Foreign Direct Investment (FDI) is important because it gives facility to make investments in long-term profits which are in long-term projects working in other countries. The investment is done directly by foreign investors which can be any company or a group of persons who are looking for power in excess of the foreign ventures. It is also a major source of finance where the country can obtain finance from other countries to develop itself. f.
Recently, the government announces that the retail sector is partially opened for FDI. It means the foreign investors who are interested in Indian markets can invest up to 51% in multi brand retail and 74% FDI in single-brand retail. The government decision divided experts on the problem and on its prospects. Some says the decision will decrease opportunities, and will result in wipe out of local stores. The optimists, on the other hand, have seen decision as a large range of opportunities for farm products and more opportunities for the unemployed.
FDI provide benefits to small farmers by working together to form producer companies which will directly work with corporations to get higher revenues, or small farmers must willingly move into the new jobs directly or indirectly created by FDI in sectors such as retail, food processing and supporting industries.

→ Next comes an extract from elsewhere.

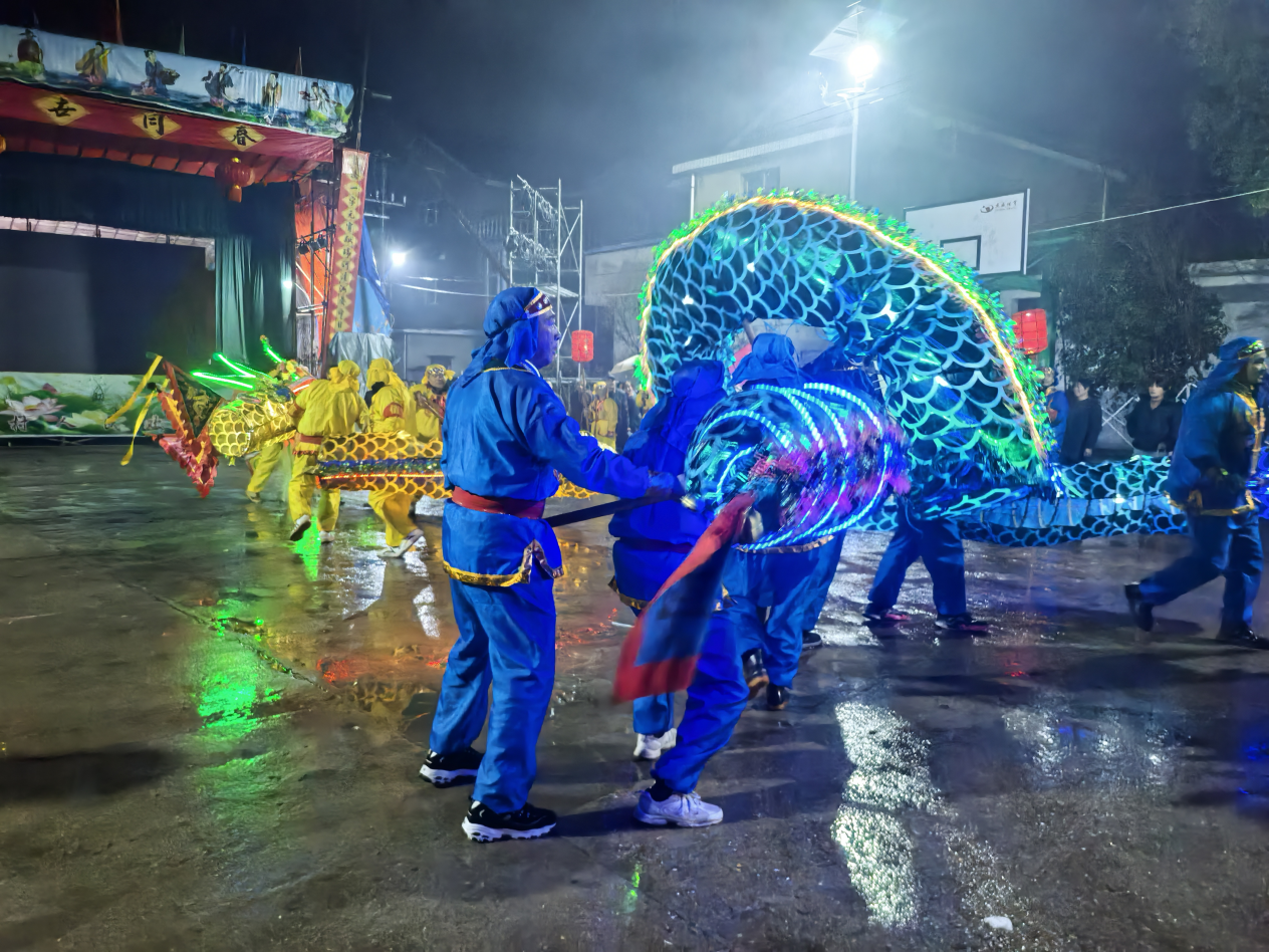 舞龙表演过后,戏曲展演轮番开唱。经典选段韵味悠长,演员唱腔婉转悠扬,在村落间久久回荡。台上演员倾情演绎,台下观众听得如痴如醉,当晚虽细雨绵绵,却浇不灭大家对传统文化的热忱,湿不透乡亲们凝心聚力的归属感,熄不了家家户户对新春佳节的美好期盼。

The FDI offers a foreign capital and funds. It also extends an economy of a particular country where the investment is being made. It permits the move of highly developed technologies from developed countries to developing countries which helps in creating fresh jobs in a particular country and in turn the salary of the employee increases. The country where investment is done increases its human capital resource. It also brings new skills in a country & possibility of innovative research increases which helps in the growth of the country.
Now, global retailers are willing to sell their products by setting their own branch or franchises in another country which will again attract foreign capital along with better quality products in a large variety and advance services for the consumers and even consumers will get access of some global brands. This will in turn increase competition in the country and expands manufacturing units. To stand in a market, these global retailers have to lower their prices of foreign goods which need them to set up their manufacturing units locally or to handover the production assignments to domestic manufacturers on their specifications which brings a large number of employments in the country.
All this opportunities make, the Indian retail market a real happening place in the days ahead while at the same time it will be offering immense business opportunities and growth to the domestic entrepreneurs. In result, the Indian market will become the part of the global market.